The lower limit corresponds to the minimum, and the upper limit to the maximum amount of gas in the mixture, at which their ignition (during ignition) and spontaneous (without the flow of heat from the outside) propagation of the flame (spontaneous ignition) occur. The same limits correspond to the explosiveness conditions of gas-air mixtures.

The lower explosive limit corresponds to the minimum concentration of fuel vapor in a mixture with air at which a flash occurs when a flame is applied. The upper explosive limit corresponds to the maximum concentration of fuel vapor in a mixture with air, above which flashes no longer occur due to a lack of oxygen in the air. The wider the range of flammability limits (also called explosive limits) and the lower the lower limit, the more explosive the gas is. Most hydrocarbons have low explosive limits. For CH4 methane, the lower and upper explosive limits are 5% and 15% by volume, respectively.

A number of gases have the widest limits of explosion (flammability): hydrogen (4.0 - 75%), acetylene (2.0 - 81%) and carbon monoxide (12.5 - 75%). The volumetric content of flammable gas in a gas-air mixture, below which a flame cannot spontaneously spread in this mixture when a source of high temperature is introduced into it, is called the lower concentration limit of ignition (flame propagation) or the lower explosive limit of a given gas. Thus, a mixture of gas and air is explosive only if the content of flammable gas in it is in the range between the lower and upper explosive limits.

If the gas content in a gas-air mixture is less than the lower flammability limit, then such a mixture cannot burn and explode, since the heat released near the ignition source is not enough to heat the mixture to the ignition temperature.

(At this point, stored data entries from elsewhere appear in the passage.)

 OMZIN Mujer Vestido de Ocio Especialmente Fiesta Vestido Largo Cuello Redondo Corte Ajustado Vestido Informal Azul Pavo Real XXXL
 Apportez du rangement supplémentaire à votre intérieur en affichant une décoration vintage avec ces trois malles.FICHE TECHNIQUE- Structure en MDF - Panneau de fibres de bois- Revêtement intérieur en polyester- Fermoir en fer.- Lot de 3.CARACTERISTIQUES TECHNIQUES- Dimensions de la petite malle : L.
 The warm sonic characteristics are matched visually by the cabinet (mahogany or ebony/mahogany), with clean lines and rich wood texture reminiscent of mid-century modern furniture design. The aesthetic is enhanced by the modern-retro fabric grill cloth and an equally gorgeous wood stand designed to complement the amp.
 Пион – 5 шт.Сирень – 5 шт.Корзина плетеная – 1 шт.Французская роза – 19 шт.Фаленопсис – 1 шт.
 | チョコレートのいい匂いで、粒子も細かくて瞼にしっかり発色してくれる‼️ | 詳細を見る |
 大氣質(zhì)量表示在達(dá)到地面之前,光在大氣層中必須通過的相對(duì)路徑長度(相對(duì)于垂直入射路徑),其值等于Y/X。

When the gas content in the mixture is between the lower and upper explosive limits, the ignited mixture ignites and burns both near the ignition source and when it is removed. This mixture is explosive. And if the gas content in the mixture is above the upper explosive limit, then the amount of air in it is not enough for complete combustion of the gas.

The existence of flammability (explosivity) limits is caused by heat losses during combustion. When the flammable mixture is diluted with air, oxygen or gas, heat losses increase, the speed of flame propagation decreases and combustion stops after the ignition source is removed.

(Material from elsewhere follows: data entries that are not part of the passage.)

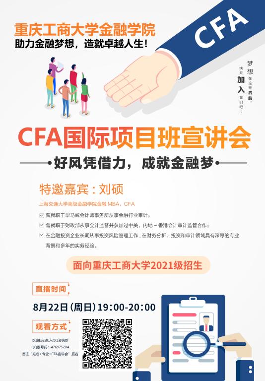 现将bat365中文官方网站2021级新生国际项目二次选拔bat365中文官方网站国际项目CFA(注册特许金融分析师)项目直播宣讲会有关事宜通知如下:
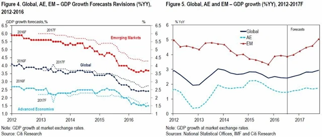 Nadále očekáváme pomalý, ale poměrně ustálený růst světové ekonomiky v roce 2016 o 2,4 % a v roce 2017 o 2,7 %. V rámci toho čekáme relativně stabilní růst vyspělých ekonomik (1,5 % v roce 2016 a 1,7 % v roce 2017) a mírné zrychlení růstu mladých ekonomik (3,7 % v roce 2016 a 4,3 % v roce 2017), neboť recese v některých klíčových rozvíjejících se ekonomikách slábnou.
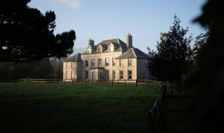 A period manor house on an estate with a farm, out buildings, workers sheds, stables, fernery, gardens, fields, a lake and surrounded by incredible views of the surrounding hills
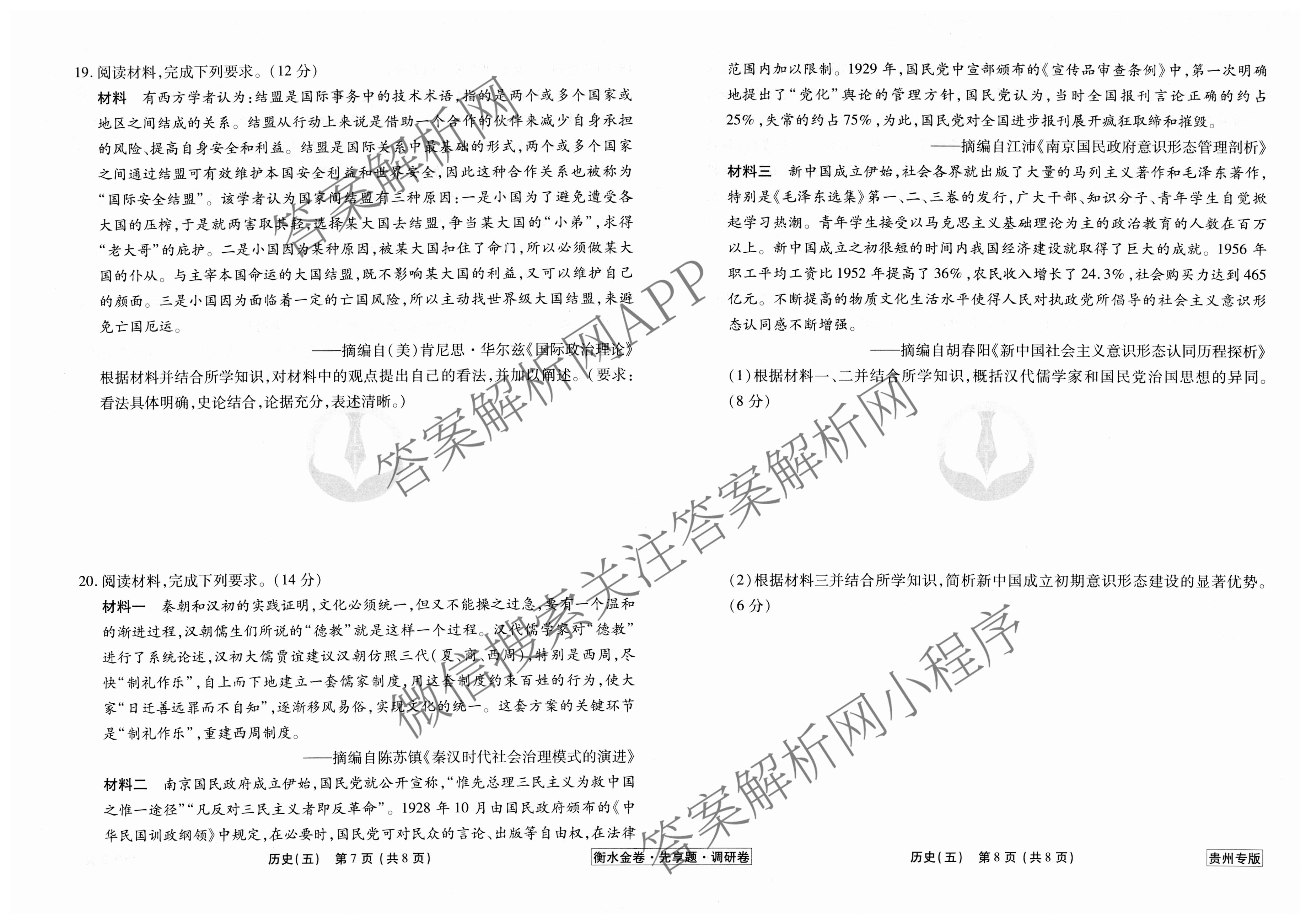 - [衡水金卷先享题]调研卷 2024年普通高中学业水平选择性考试模拟试题(五)5历史(贵州专版)答案
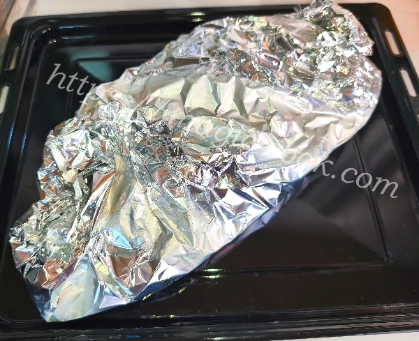Противень застелить фольгой, оставляя концы фольги свисать.

As the temperature of the mixture increases, the flammability limits expand, and at temperatures above the auto-ignition temperature, mixtures of gas with air or oxygen burn at any volume ratio.

The flammability (explosivity) limits depend not only on the types of combustible gases, but also on the experimental conditions (vessel capacity, thermal power of the ignition source, mixture temperature, flame propagation up, down, horizontally, etc.). This explains the slightly different values ​​of these limits in various literary sources. When the flame spreads from top to bottom or horizontally, the lower limits increase slightly, and the upper limits decrease.

The calculated excess pressure during the explosion of such mixtures is as follows: natural gas - 0.75 MPa, propane and butane - 0.86 MPa, hydrogen - 0.74 MPa, acetylene - 1.03 MPa. In real conditions, the explosion temperature does not reach maximum values ​​and the resulting pressures are lower than those indicated, but they are quite sufficient to destroy not only the lining of boilers and buildings, but also metal containers if an explosion occurs in them.

The main reason for the formation of explosive gas-air mixtures is gas leakage from gas supply systems and its individual elements (leak closure of valves, wear of stuffing box seals, ruptures of gas pipeline seams, leakage of threaded connections, etc.), as well as imperfect ventilation of rooms, fireboxes and gas ducts boilers and furnaces, basements and various wells of underground communications. The task of the operating personnel of gas systems and installations is the timely identification and elimination of gas leaks and strict implementation of production instructions for the use of gaseous fuel, as well as the unconditional high-quality implementation of scheduled preventive inspection and repair of gas supply systems and gas equipment.